**TASK INSTRUCTIONS:** The listing below holds a line with "335000076-5 ドライブスルーやってます!・横幕 検索キー:テイクアウト" and a line with "Hexagon Wrench |". Reproduce those two lines exactly, plus everything between them.
#### SUPPLIED DATA ####
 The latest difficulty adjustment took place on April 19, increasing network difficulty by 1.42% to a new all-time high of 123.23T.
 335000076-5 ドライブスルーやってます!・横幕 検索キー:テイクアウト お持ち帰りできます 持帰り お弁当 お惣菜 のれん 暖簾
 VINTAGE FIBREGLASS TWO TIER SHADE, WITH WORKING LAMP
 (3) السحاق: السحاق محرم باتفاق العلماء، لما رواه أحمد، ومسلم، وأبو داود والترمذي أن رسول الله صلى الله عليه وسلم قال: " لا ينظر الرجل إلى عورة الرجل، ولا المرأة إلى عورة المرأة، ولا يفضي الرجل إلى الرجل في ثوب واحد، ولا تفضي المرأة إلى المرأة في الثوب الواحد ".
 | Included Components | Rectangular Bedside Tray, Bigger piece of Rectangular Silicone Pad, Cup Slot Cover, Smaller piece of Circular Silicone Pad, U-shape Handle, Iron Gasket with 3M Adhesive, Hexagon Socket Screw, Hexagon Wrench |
####
#### SUPPLIED DATA ####
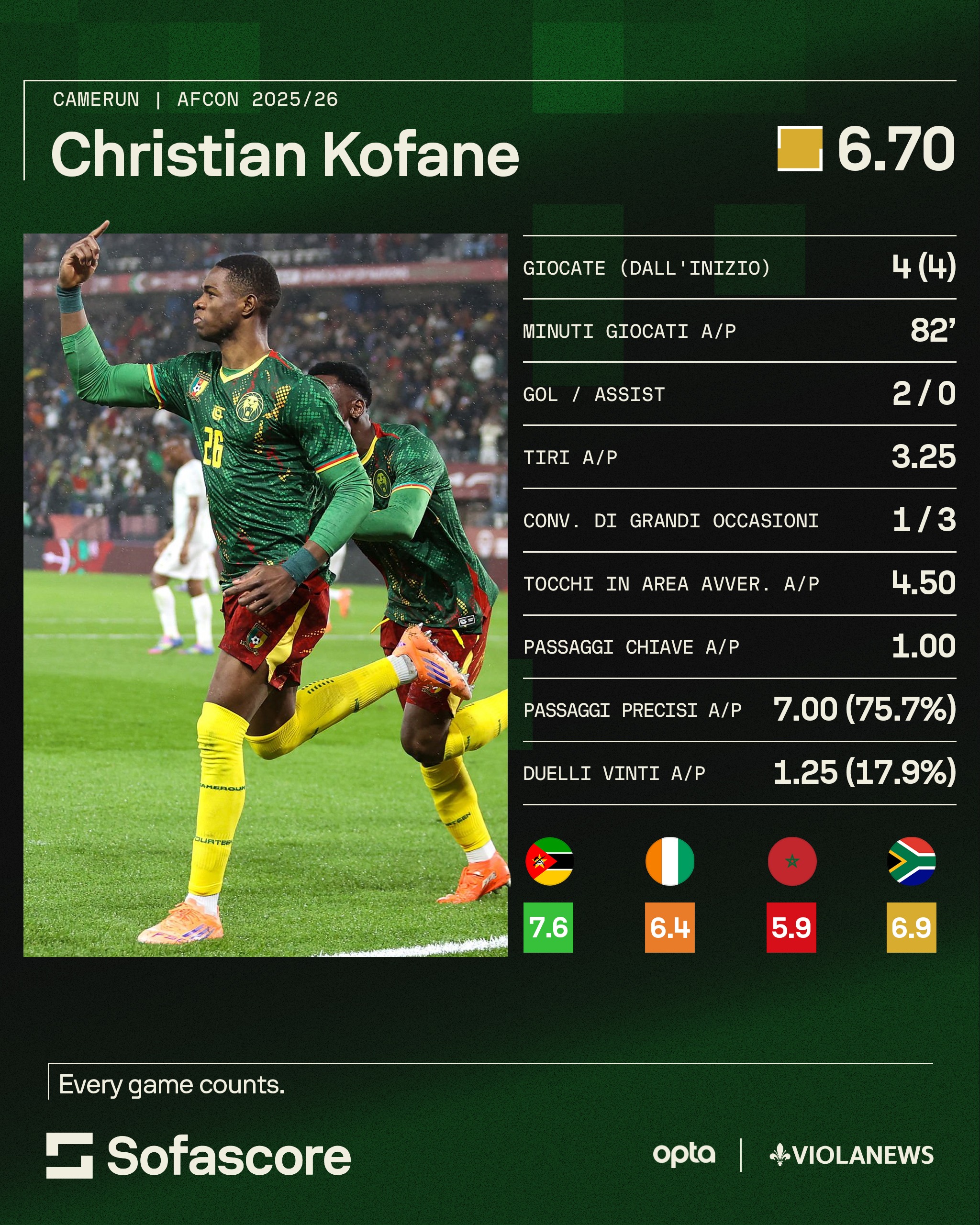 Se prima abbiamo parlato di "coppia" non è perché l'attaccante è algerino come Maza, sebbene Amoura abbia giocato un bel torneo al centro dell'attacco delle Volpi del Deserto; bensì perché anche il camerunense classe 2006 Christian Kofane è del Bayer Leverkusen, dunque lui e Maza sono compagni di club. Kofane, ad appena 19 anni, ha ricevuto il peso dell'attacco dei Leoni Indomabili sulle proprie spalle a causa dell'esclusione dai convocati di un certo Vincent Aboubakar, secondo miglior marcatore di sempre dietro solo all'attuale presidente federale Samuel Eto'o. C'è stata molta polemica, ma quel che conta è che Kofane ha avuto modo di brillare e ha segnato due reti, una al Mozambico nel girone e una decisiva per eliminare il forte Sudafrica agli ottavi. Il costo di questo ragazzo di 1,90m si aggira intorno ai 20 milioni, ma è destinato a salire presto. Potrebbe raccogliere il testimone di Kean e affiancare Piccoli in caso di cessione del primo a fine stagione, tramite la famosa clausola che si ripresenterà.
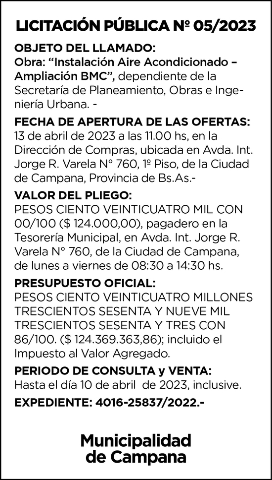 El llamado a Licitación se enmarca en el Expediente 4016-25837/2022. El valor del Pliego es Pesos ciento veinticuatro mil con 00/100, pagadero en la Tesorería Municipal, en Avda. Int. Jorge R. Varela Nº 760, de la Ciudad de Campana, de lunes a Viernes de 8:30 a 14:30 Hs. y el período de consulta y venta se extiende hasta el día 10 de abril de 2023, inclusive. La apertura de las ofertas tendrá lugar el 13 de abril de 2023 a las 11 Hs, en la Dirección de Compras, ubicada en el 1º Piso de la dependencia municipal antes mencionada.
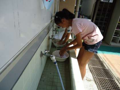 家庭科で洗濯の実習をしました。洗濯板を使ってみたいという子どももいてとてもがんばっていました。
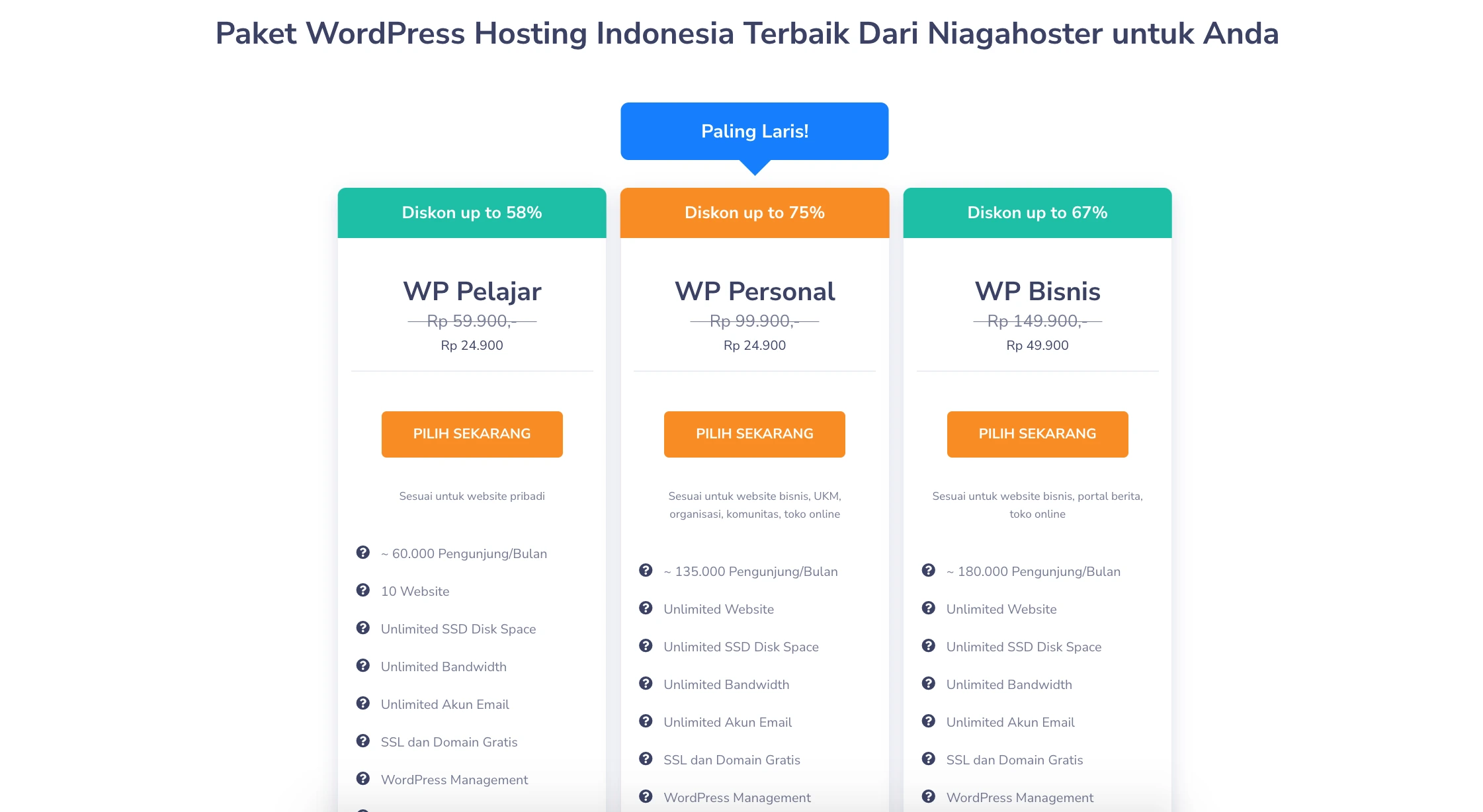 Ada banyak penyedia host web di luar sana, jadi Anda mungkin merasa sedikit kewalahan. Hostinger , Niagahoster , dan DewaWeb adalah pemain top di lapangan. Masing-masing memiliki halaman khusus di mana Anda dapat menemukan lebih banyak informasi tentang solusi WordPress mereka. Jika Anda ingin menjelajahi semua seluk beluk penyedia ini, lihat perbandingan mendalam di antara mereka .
####
**SOLUTION TO THIS EXERCISE:**
 335000076-5 ドライブスルーやってます!・横幕 検索キー:テイクアウト お持ち帰りできます 持帰り お弁当 お惣菜 のれん 暖簾
 VINTAGE FIBREGLASS TWO TIER SHADE, WITH WORKING LAMP
 (3) السحاق: السحاق محرم باتفاق العلماء، لما رواه أحمد، ومسلم، وأبو داود والترمذي أن رسول الله صلى الله عليه وسلم قال: " لا ينظر الرجل إلى عورة الرجل، ولا المرأة إلى عورة المرأة، ولا يفضي الرجل إلى الرجل في ثوب واحد، ولا تفضي المرأة إلى المرأة في الثوب الواحد ".
 | Included Components | Rectangular Bedside Tray, Bigger piece of Rectangular Silicone Pad, Cup Slot Cover, Smaller piece of Circular Silicone Pad, U-shape Handle, Iron Gasket with 3M Adhesive, Hexagon Socket Screw, Hexagon Wrench |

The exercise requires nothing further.